• Dataset excerpts
━━━━
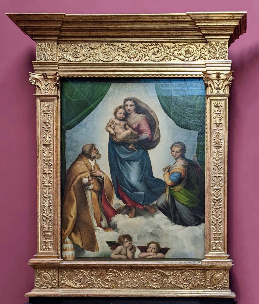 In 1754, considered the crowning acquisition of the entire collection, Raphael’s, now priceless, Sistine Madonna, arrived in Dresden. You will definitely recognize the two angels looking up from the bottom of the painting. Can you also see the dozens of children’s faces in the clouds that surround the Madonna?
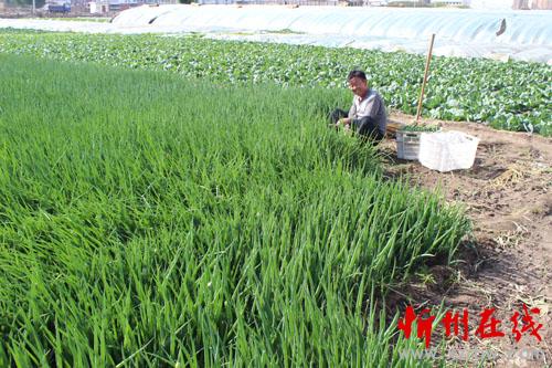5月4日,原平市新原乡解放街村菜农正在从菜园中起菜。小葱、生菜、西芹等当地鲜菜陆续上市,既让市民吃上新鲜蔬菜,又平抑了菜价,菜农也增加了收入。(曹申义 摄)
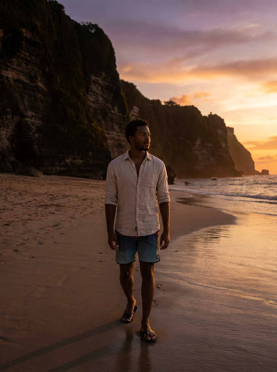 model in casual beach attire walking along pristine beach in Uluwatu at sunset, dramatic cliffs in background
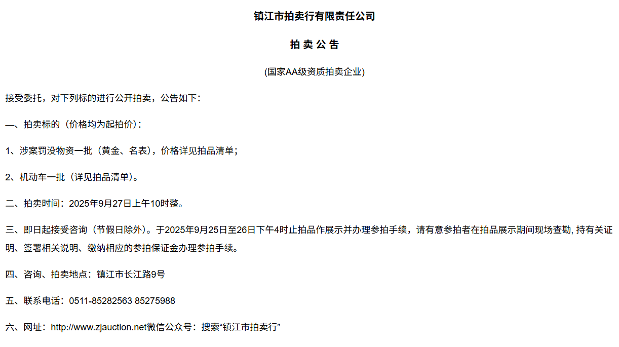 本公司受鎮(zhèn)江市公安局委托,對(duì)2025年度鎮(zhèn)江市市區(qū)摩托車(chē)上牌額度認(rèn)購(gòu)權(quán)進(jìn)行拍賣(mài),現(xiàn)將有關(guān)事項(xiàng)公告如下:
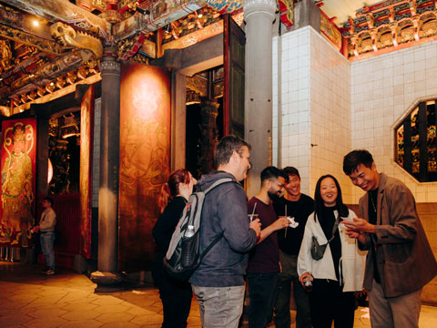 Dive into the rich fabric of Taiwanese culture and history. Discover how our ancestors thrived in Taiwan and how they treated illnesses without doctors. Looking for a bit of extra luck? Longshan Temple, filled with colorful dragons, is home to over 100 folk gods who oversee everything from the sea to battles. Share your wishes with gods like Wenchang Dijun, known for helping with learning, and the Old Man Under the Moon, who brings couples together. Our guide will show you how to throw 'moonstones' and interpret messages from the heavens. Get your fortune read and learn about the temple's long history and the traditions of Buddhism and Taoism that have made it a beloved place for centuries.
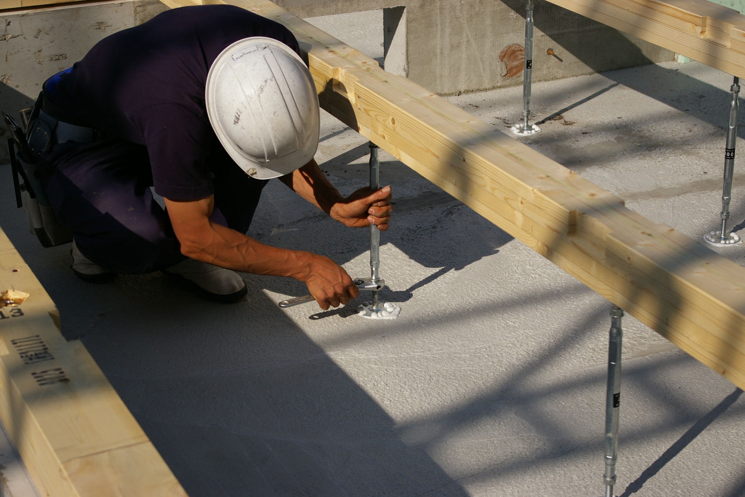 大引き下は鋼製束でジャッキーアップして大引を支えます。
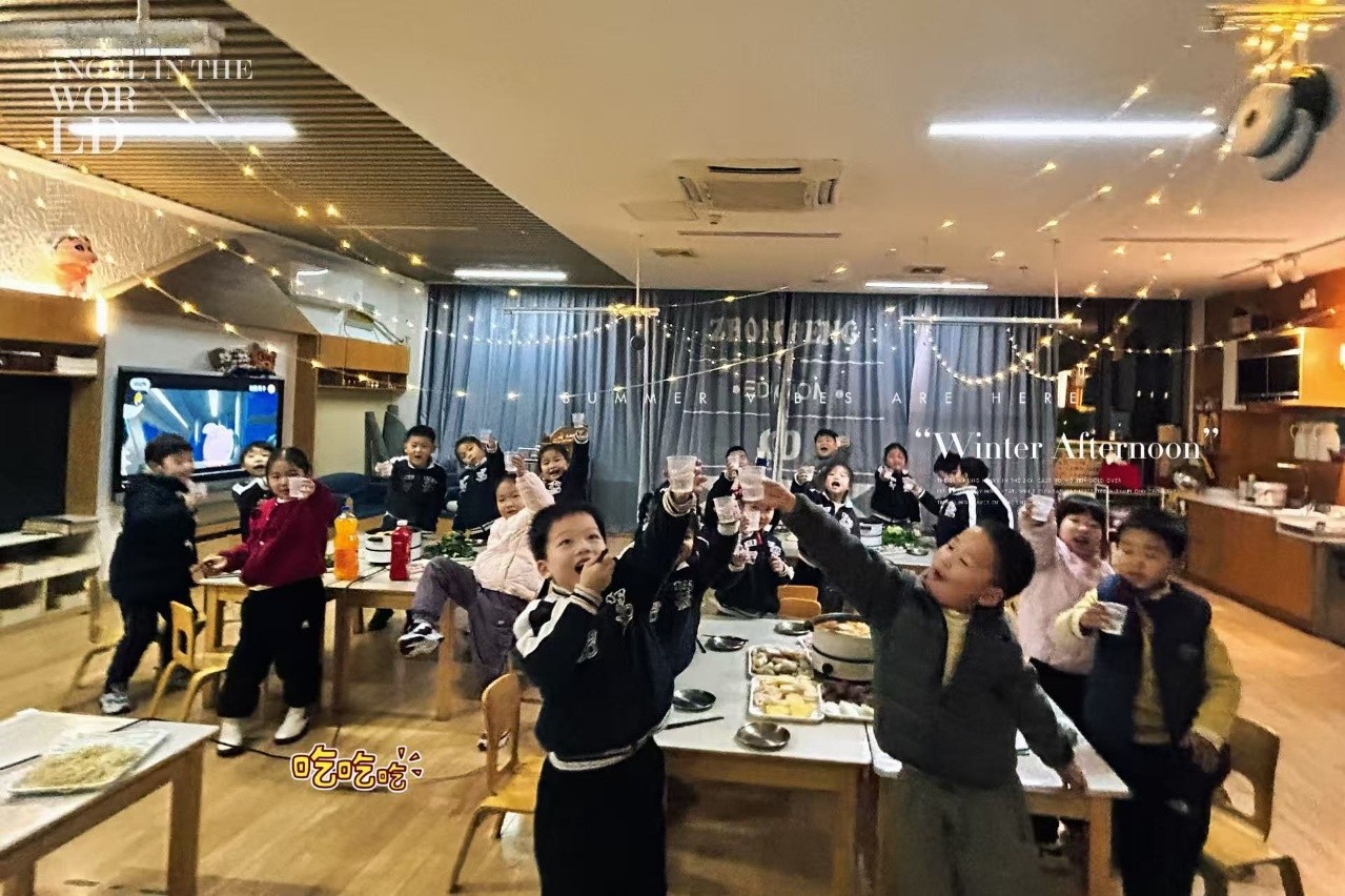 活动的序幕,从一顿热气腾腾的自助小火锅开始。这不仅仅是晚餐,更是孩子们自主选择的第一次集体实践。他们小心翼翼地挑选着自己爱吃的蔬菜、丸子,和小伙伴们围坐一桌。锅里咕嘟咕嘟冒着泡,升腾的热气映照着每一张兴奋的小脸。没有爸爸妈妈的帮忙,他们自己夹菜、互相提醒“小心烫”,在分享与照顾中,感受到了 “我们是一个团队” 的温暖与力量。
━━━━
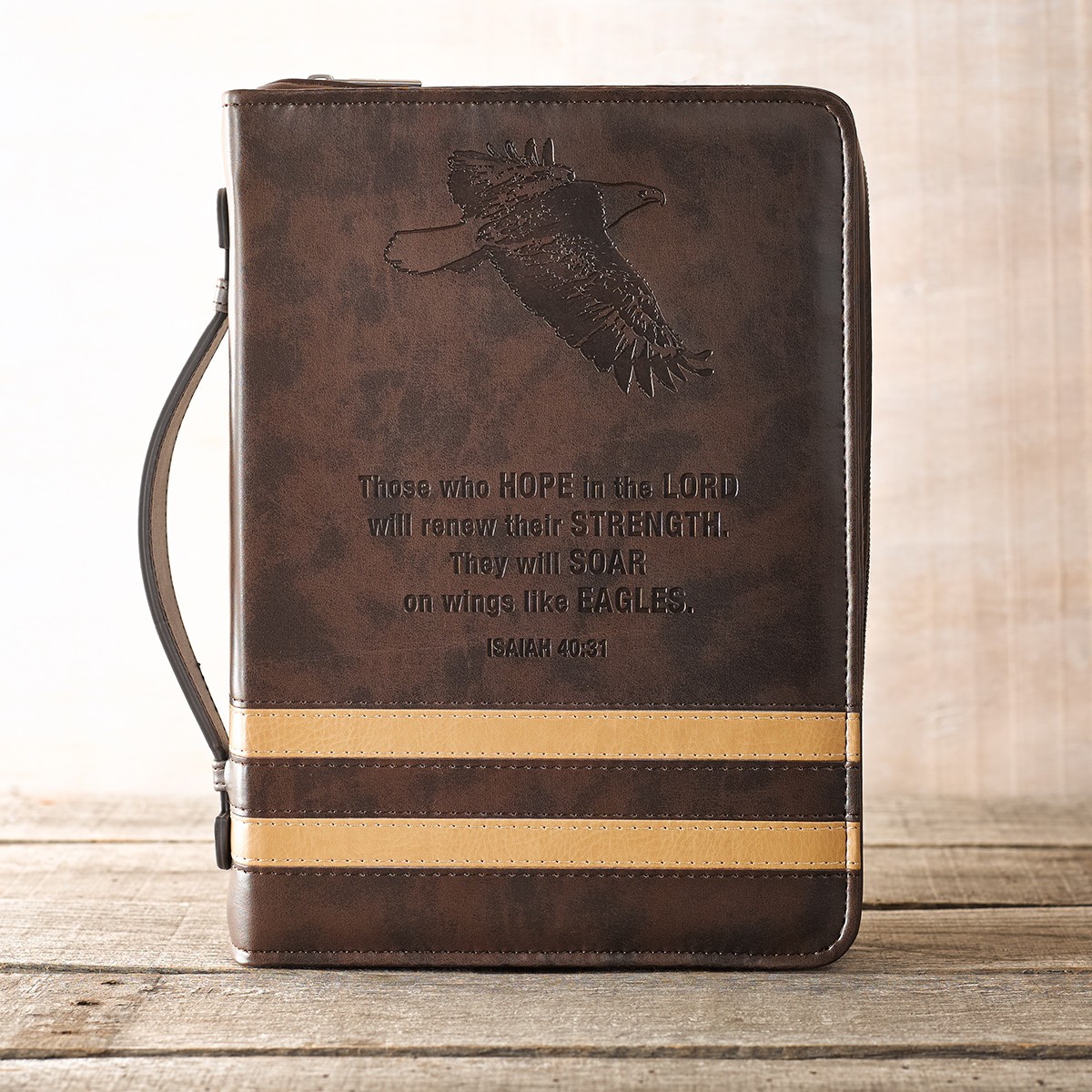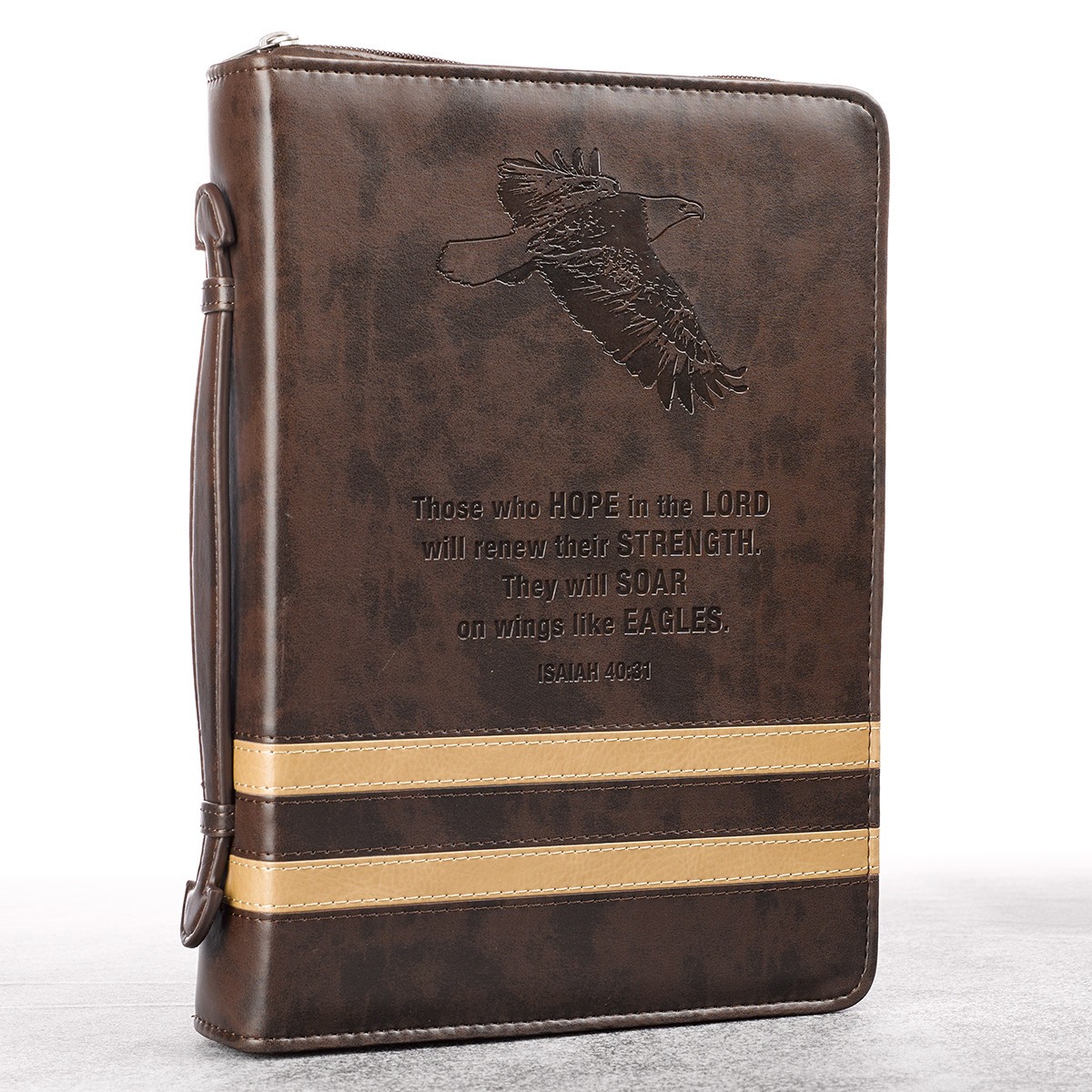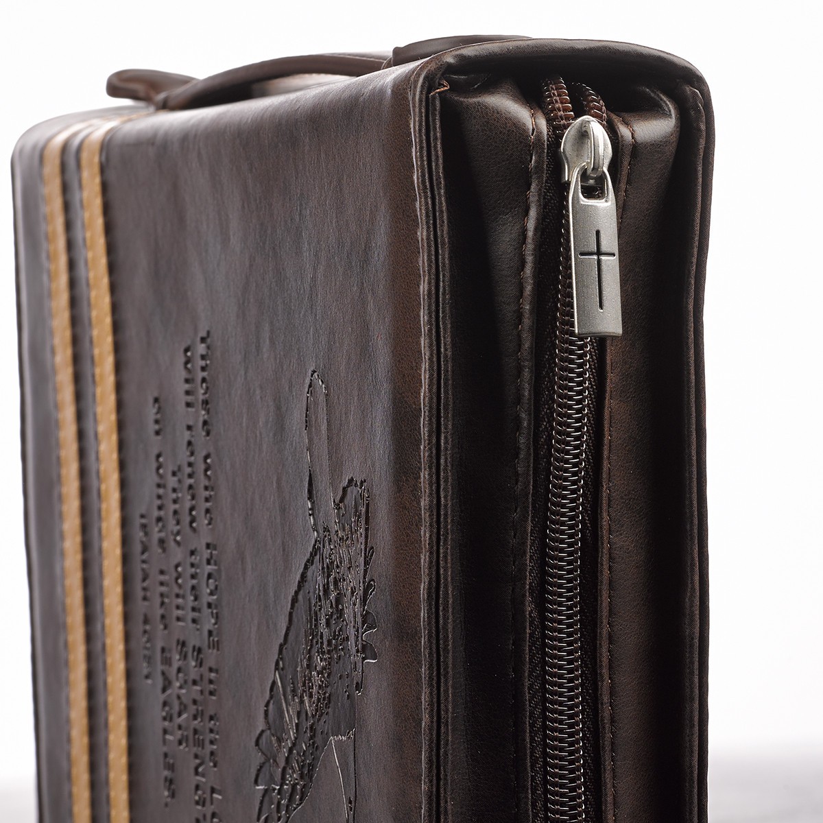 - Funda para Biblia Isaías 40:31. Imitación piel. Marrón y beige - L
━━━━
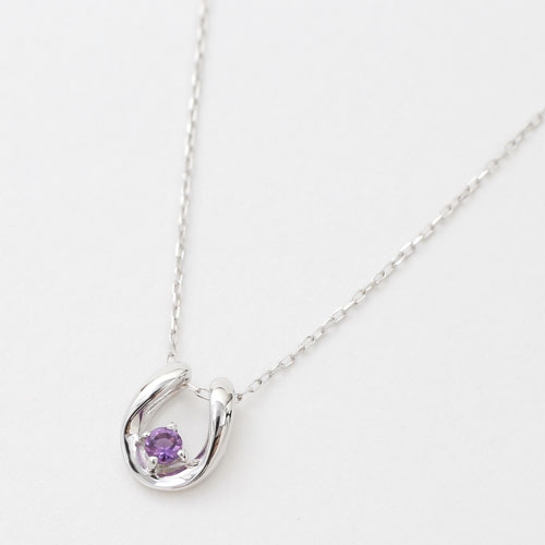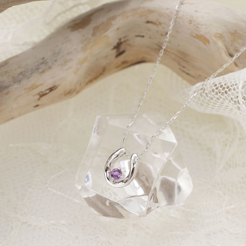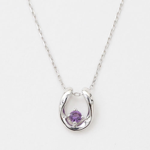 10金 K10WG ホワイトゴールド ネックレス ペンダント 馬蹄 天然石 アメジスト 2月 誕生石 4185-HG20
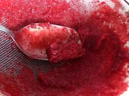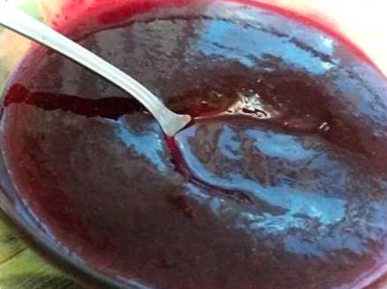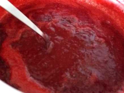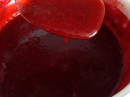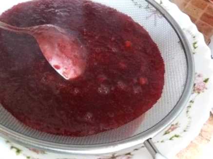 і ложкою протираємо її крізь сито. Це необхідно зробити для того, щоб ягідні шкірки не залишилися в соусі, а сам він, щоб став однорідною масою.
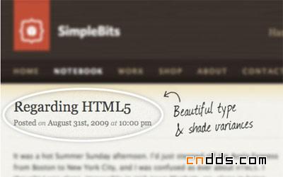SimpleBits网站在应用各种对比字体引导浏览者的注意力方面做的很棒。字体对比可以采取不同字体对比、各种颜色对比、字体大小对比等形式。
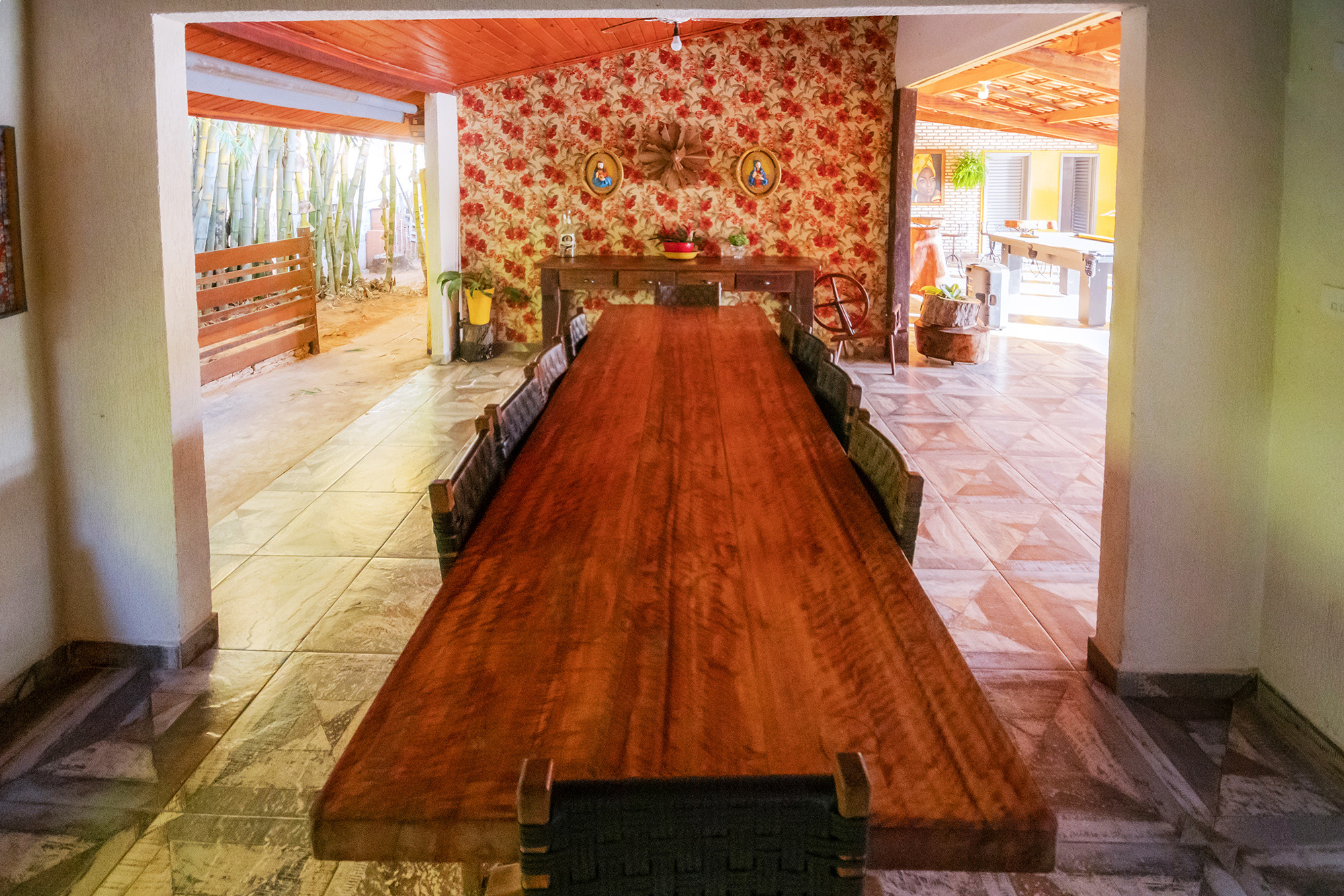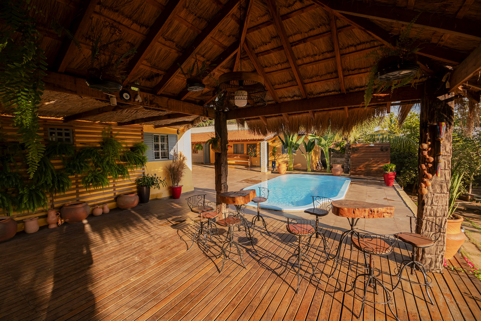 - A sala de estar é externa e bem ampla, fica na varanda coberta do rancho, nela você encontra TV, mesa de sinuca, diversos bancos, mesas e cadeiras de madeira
━━━━
• Work to be completed
Copy exactly the lines of the entries above from the one containing "In 1754, considered" through the one containing "本公司受鎮(zhèn)江市公". Both end lines count; pictures do not.

• Exercise answer
 In 1754, considered the crowning acquisition of the entire collection, Raphael’s, now priceless, Sistine Madonna, arrived in Dresden. You will definitely recognize the two angels looking up from the bottom of the painting. Can you also see the dozens of children’s faces in the clouds that surround the Madonna?
5月4日,原平市新原乡解放街村菜农正在从菜园中起菜。小葱、生菜、西芹等当地鲜菜陆续上市,既让市民吃上新鲜蔬菜,又平抑了菜价,菜农也增加了收入。(曹申义 摄)
 model in casual beach attire walking along pristine beach in Uluwatu at sunset, dramatic cliffs in background
 本公司受鎮(zhèn)江市公安局委托,對(duì)2025年度鎮(zhèn)江市市區(qū)摩托車(chē)上牌額度認(rèn)購(gòu)權(quán)進(jìn)行拍賣(mài),現(xiàn)將有關(guān)事項(xiàng)公告如下:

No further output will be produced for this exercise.